The NASDAQ Composite closed lower on Friday, although well above its session low as selling eased late in the day after investors dumped heavyweight technology stocks due to concerns about high valuations and a patchy economic recovery.
The major indices regained some ground in late afternoon, although trading was still volatile.
At its lowest point of the day the tech-heavy NASDAQ fell as much as 9.9 percent from its record high reached on Wednesday and the S&P 500 dipped briefly below its pre-crisis record, reached in February, although it too closed well off session lows.
Mega-cap companies, such as Apple Inc Microsoft Inc, Amazon.com Inc and Facebook Inc, also pared losses, although of that group only Apple managed a very tiny gain for the day.
“You had a significant selloff on Thursday, some follow-through in the morning and then we stabilized. The selling was pretty fierce,” said Michael Antonelli, market strategist at Robert W. Baird & Co in Milwaukee.
“Corrections like this have been quick and severe lately. We don’t know if its over,” he said. “The fact we stabilized today could be a good sign.”
While Thursday’s selloff already reflected investor fears that valuations for the NASDAQ high-fliers had overheated, the worries were exacerbated on Friday by the Financial Times (FT) and others reporting that options trading by Japan’s Softbank Group Corp had inflated these stocks.
“We’ve started to see signs of weakness in the last few days, notably yesterday. Then you get a headline like the FT story. That really adds fuel to the fire on the downside,” said Jeffrey Kleintop, chief global investment strategist at Charles Schwab Corp in Boston.
The NASDAQ had powered the stock market’s stellar recovery from the pandemic-led crash, climbing as much as 82 percent from March lows.
The benchmark S&P 500 and the Dow Jones Industrial Average had surged about 60 percent from their troughs.
Earlier on Friday, the US Department of Labor’s closely watched employment report showed that the unemployment rate last month improved to 8.4 percent from 10.2 percent in July, better than analysts had anticipated.

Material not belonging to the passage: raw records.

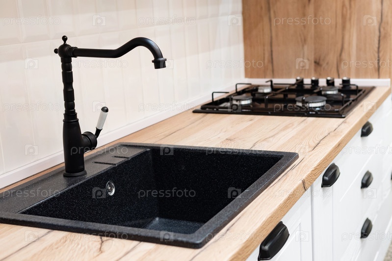 Продавец-женщина помогает молодой паре выбрать новый кухонный смеситель
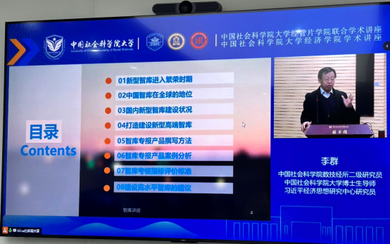 2024年3月22日下午,中国社会科学院数技经所研究员李群教授应邀作题为“打造高水平中国特色新型智库,积极发挥资政建言重要作用”的讲座,本讲座由中国社会科学院大学经济学院执行院长张涛老师主持,99直播
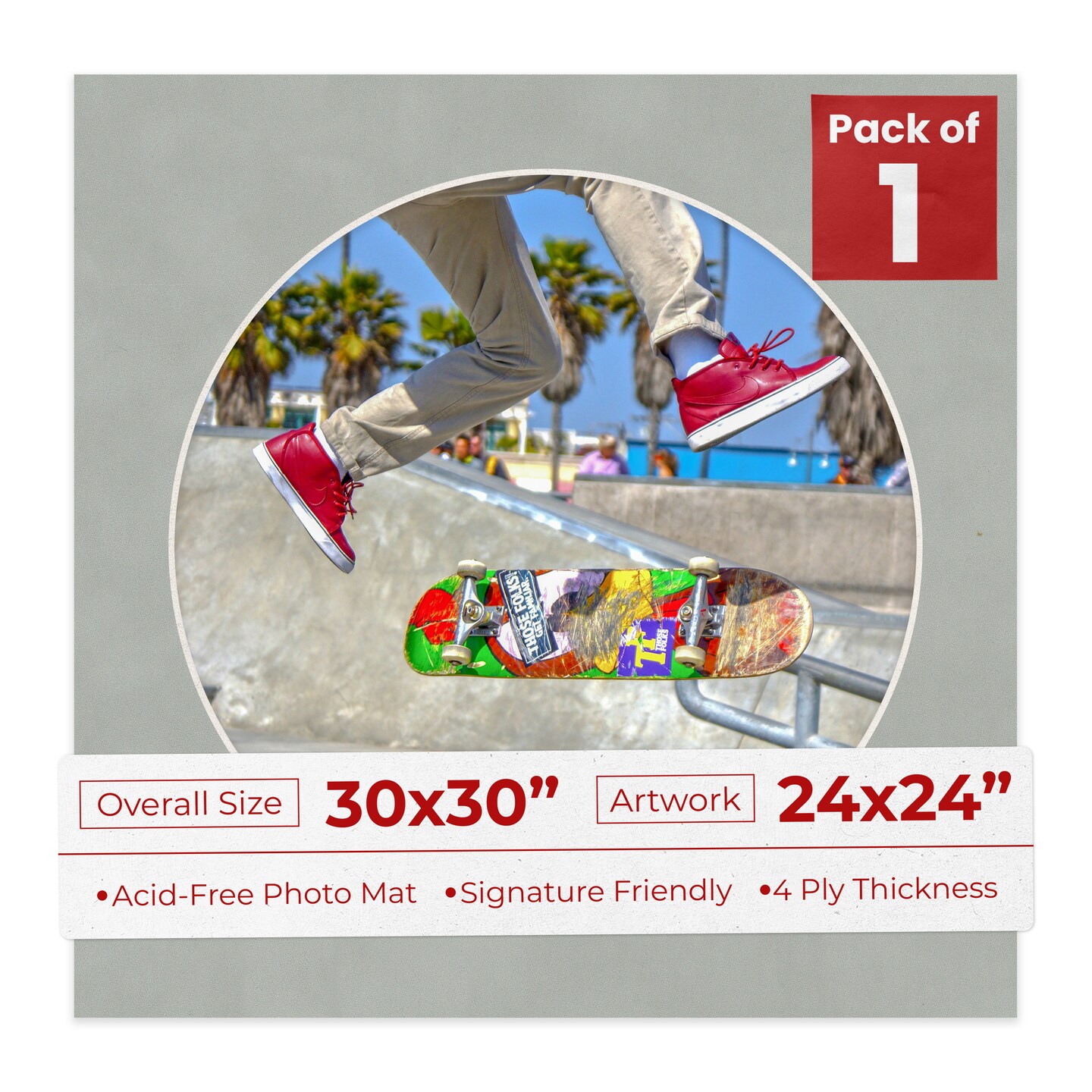 Light Grey Suede Mat Board for 30x30 Frames - Circle Opening for 24x24 Photos
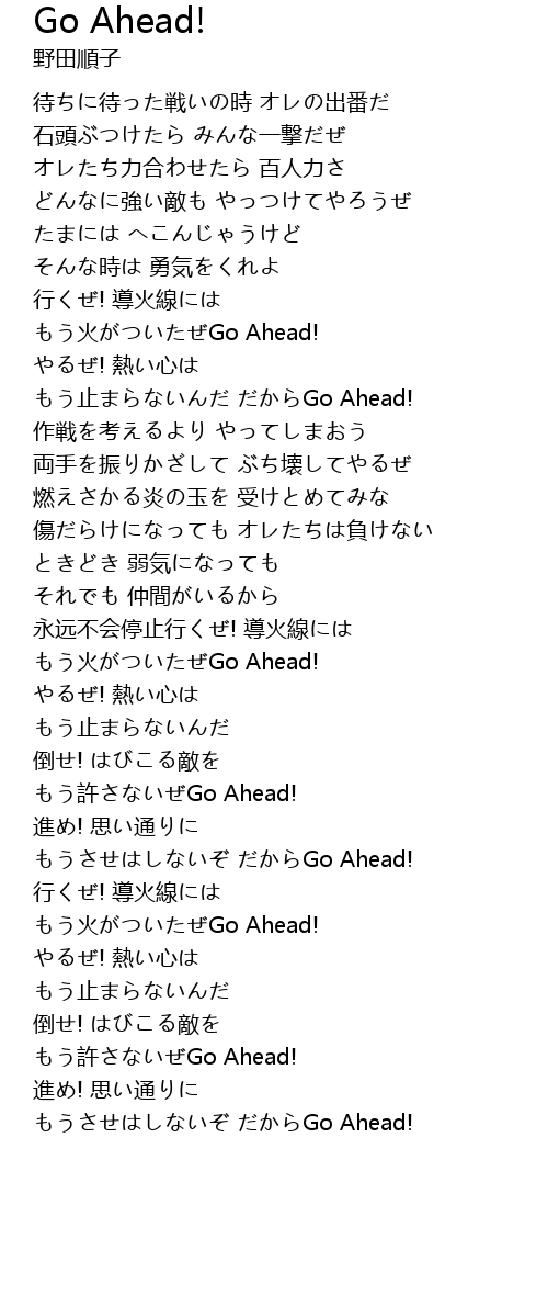 | [03:02.206] | もう許さないぜGo Ahead! |
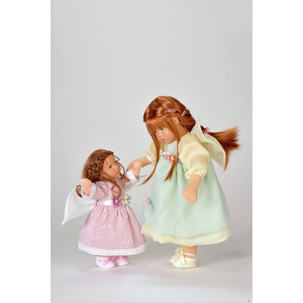 Alette ist eine Käthe Kruse Däumlinchen Puppe. Der Puppenkörper ist 25 cm groß und weich geschäumt. Er ist mit Trikotstoff bezogen und im Inneren befindet sich ein Drahtskelett das die Puppe beweglich macht. Der Kopf ist aus Polysterol gefertigt und künstlerisch von Hand bemalt. Die Augen sind grün. Die braune Echthaarperücke trägt Alette teils geflochten und teils mit offenen Locken frisiert. Bekleidet ist Alette wie eine kleine Fee. Das Kleid ist mit einem hübschen Blütengürtel verziert, die Filzschühchen sind mit einer Schleife gebunden. Ihre Feenflügelchen kann Alette auch abnehmen. Der Name Alette bedeutet "Die Kleine mit den Flügeln". Unsere Sammlerpuppen und Bekleidungen werden handgefertigt und haben eine Lieferzeit von ca. 30 Werktagen.
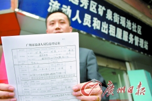 然而记者仔细看了看工作人员要求填写的登记表,却发现还是原先办暂住证时所填的《广州市流动人员信息登记表》,至于居住证的申请表是何模样,就连工作人员也称没能见上一眼。
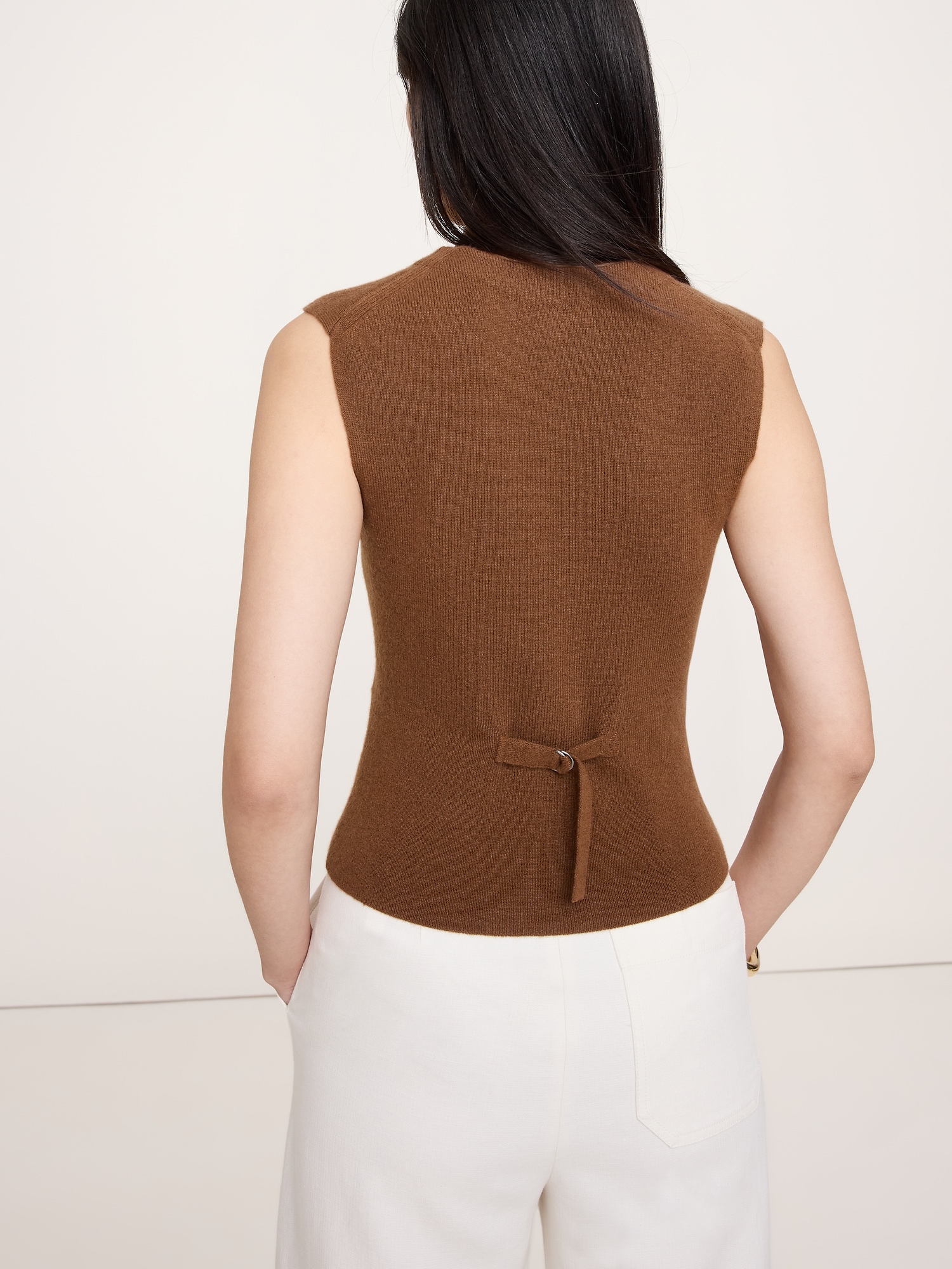 Style it on its own as a top or as a layer, this vest is knitted in our signature midweight cashmere yarn so it’s ideal in cooler seasons. Cut in a cropped length that sits just above the hips.

However, non-farm payrolls increased less than expected.
Kleintop said that the jobs news did little to help the progress of stalled talks for a fresh COVID-19 stimulus package among sharply divided lawmakers in Washington.
“It wasn’t wonderful enough to get the market excited enough that we don’t need any more stimulus. On the other hand it wasn’t weak enough to bring the two sides in Washington together to extend that stimulus package,” he said.
The Dow Jones Industrial Average on Friday fell 159.42 points, or 0.56 percent, to close at 28,133.31, the S&P 500 lost 28.1 points, or 0.81 percent, to 3,426.96 and the NASDAQ Composite dropped 144.97 points, or 1.27 percent, to 11,313.13.
The communication services, consumer discretionary and technology indexes posted the day’s steepest percentage declines among the 11 major S&P sectors.
Only three S&P sectors ended the day higher, including financials, which was powered by a 2.2 percent gain in its bank sub-sector index.
Also, the S&P 1500 airlines sub-index rose 1.85 percent for the day.
For the week, the S&P 500 fell 2.31 percent after five consecutive weeks of gains. The Dow dropped 1.82 percent and the NASDAQ lost 3.27 percent, and clocked its biggest two-day drop since March 17 between Thursday and Friday.
Some fund managers have warned that the declines could be a preview of a rocky two months ahead of the Nov. 3 US presidential election, as institutional investors return from summer vacations and also refocus on potential economic pitfalls.
Wall Street’s fear gauge, after hitting a more than 11-week high in late morning trading, ended the day lower.
Broadcom Inc gained 3 percent after the Apple supplier forecast fourth-quarter revenue above analysts’ estimates.
Declining issues outnumbered advancing ones on the New York Stock Exchange by a 1.53-to-1 ratio; on NASDAQ, a 1.63-to-1 ratio favored decliners.
The S&P 500 posted no new 52-week highs and 1 new low; the NASDAQ Composite recorded 21 new highs and 88 new lows.
On US exchanges 11.31 billion shares changed hands, compared with the 9.29 billion average for the past 20 sessions.